令和4年7月の話

 日本最古の仏像をご本尊として安置している長野県の善光寺様。コロナ禍の影響で公開が一年延期されていた七年に一度御開帳される前立ご本尊様へお参りしてまいりました。公開が残り十日ほどという時期でしたので、平日にもかかわらず、境内は参拝の方で大賑わいでした。善光寺様は、千四百年の歴史をもつ奈良時代に創建された寺院です。特定の宗派に属さず、現在は、天台宗と浄土宗の僧侶が交代で仏様をお護りしています。ご本尊は、百済から伝わった仏様で、一つの光背のなかに阿弥陀如来様と勢至菩薩様、観世音菩薩様が安置されている特殊な様式になっており絶対秘仏とされています。鎌倉時代の頃、この秘仏のかわりに前立ご本尊様が安置されるようになり、その前立ご本尊様の七年に一度の御開帳ですから、全国からお参りの方が大勢いらっしゃるのも納得です。善光寺様のお参りの十日程前に、幼馴染の友人から善光寺様へお参りに行くという話を聞きました。

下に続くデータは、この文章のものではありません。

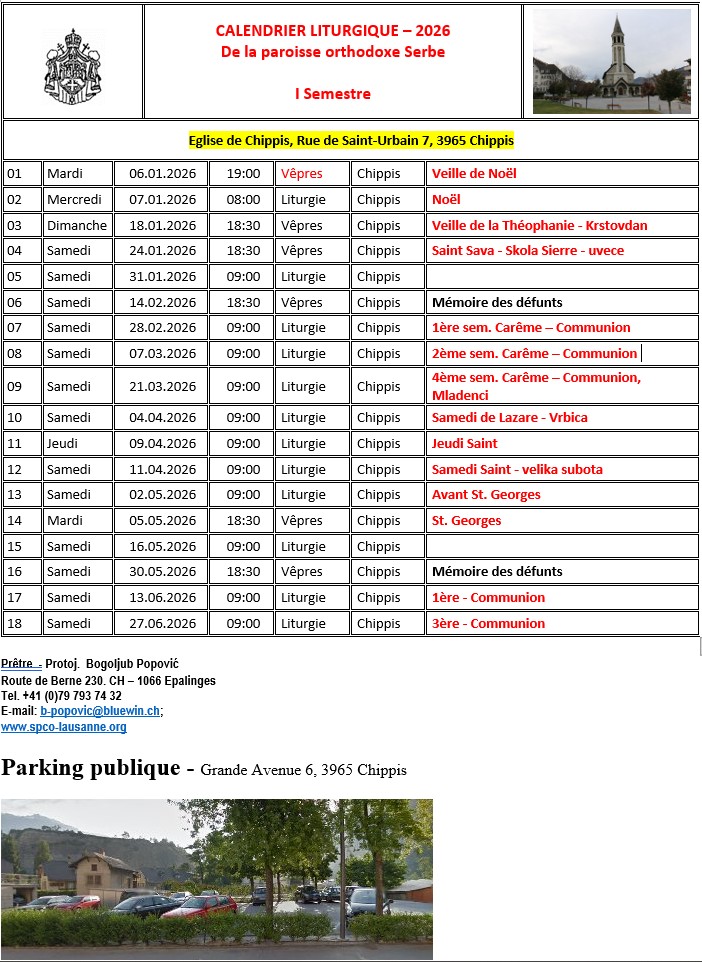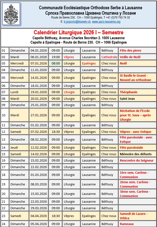 Pour toute demande ou question, veuillez vous adresser au Père Bogoljub Popovic à l'adresse suivante : b-popovic@bluewin.ch

お参りの日程を聞くと、私の予定と同じ日だったので、二度ビックリしました。

 私にも友人にも同行者がいたので、事前に当日の約束はしないで、会えたらいいねとの話で、それぞれお参りに伺いました。それがお参り当日、バッタリと出会うことが出来たのです。友人はもう帰るところで、私たちは着いたところというギリギリのタイミングでした。ほんのひと時でも友人と一緒に善光寺様へお参りが出来たことは、とても素敵な思い出となりました。

 友人と別れてゆっくりお参りしている時に、この参道を親鸞聖人も歩かれたのかと思うと時間を超えて善光寺様へのお参りを共有しているような気持ちになり、なんだか心が少し温かくなりました。諸行無常の流れの中で、移り変わりゆくもの、いつまでも変わらぬものとが巧みに混在することによって、先人の方々の足跡を辿る時、時間を超える一体感に何とも言えぬ安らぎを感じます。